На всякий случай обрываю неуместные поползновения и прекращаю думать в эту сторону.

Эх, до чего досадно. А ведь никто и не видит, как я над собой расту!

Не успеваю испытать гордость за самого себя, как проклятый язык предшественника выдаёт чуть ли не против моей воли:

— Сергей Страхов, рекомендуюсь собственной персоной! — на рефлексе щёлкаю каблуками. — У тебя попа красивая, — сообщаю доверительно, подходя к её рабочему месту. — А в кабинете срач. Двадцать сантиметров. Как тебя зовут?

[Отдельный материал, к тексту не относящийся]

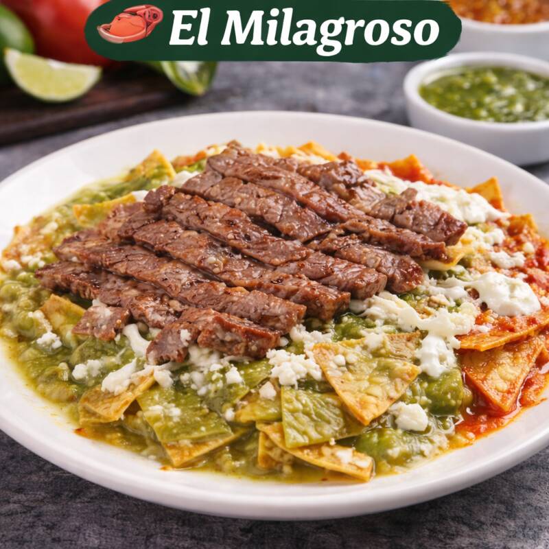 Chilaquiles con bistec de res + aguacate, bañados en salsa verde, roja o salsa especial de la casa, con crema, queso rallado, cilantro y cebolla.

Чёрт побери. Если бы речь шла о спиртном, уместно было бы сказать, «сорвался». Завязал, пить с утра не стал — но вечером не удержался и всё-таки выпил.

А в этом случае что сказать?

И глаза у неё красивые. Сиськи, правда, так себе, явно не Наджиб; но если рассматривать её не во фронтальной проекции, а сзади…

— Чего. Тебе. Надо. Скотина. — Холодно цедит сотрудница участка, ещё секунду назад бывшая такой очаровательной рыженькой девчонкой.

Тьху. Стерва. Только пытаешься в полицейских человека увидеть, как тут же получаешь в ответ тупое и немотивированное хамство!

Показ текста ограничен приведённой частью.